A postdoctoral fellow for IBM, Weber has focused his research on the computational design of vaccines for HIV and cancer immunotherapies. Weber’s main thrust is trying to use physical simulations and artificial intelligence to study protein dynamics. He’s looking at how the immune system works, specifically researching why specific T cell receptors in some patients are so effective against HIV peptides and how to mimic these receptors to create working components of a vaccine.

“In terms of HIV, people have been trying to develop vaccines for 30 years, so it’s challenging,” Weber said. “It’s definitely a hard project but one that should be considered worthwhile. We still don’t know everything about how our immune systems work, even on a very basic, phenomenological level.”

While the work is both “rewarding and daunting,” Weber said he’s encouraged by the increasing capabilities of supercomputers and other transformative technologies.
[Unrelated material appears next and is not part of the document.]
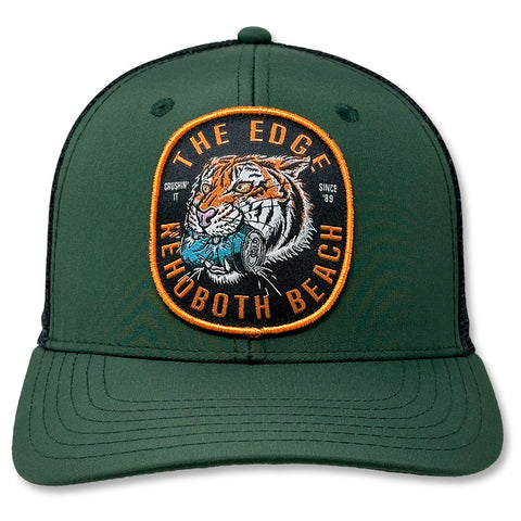 Crushing it since '89! 6-panel construction. Mesh back trucker hat with snapback closure. Edge Tiger Crush patch on front. Slight curved brim. Taped seams. Available in One Size, .

Within 10 years, Weber hopes to be able to fully simulate protein-protein interactions on an atomistic level, and to continue using physics to bridge the gap between foundational scientific principles and knowledge of how cells work.

“The ultimate goal would be to develop therapies for diseases—and that’s something we’re trying to do—but it’s also just an amazing physical problem,” Weber said. “Using these very basic theoretical physical principles (to understand cells) is exciting to me and to a lot of other physicists as well.”

Currently spending a lot of time in New York City, Weber said he wants to continue working at the intersection of industry and academia, focusing his attention on biological systems, physical simulations, and machine learning.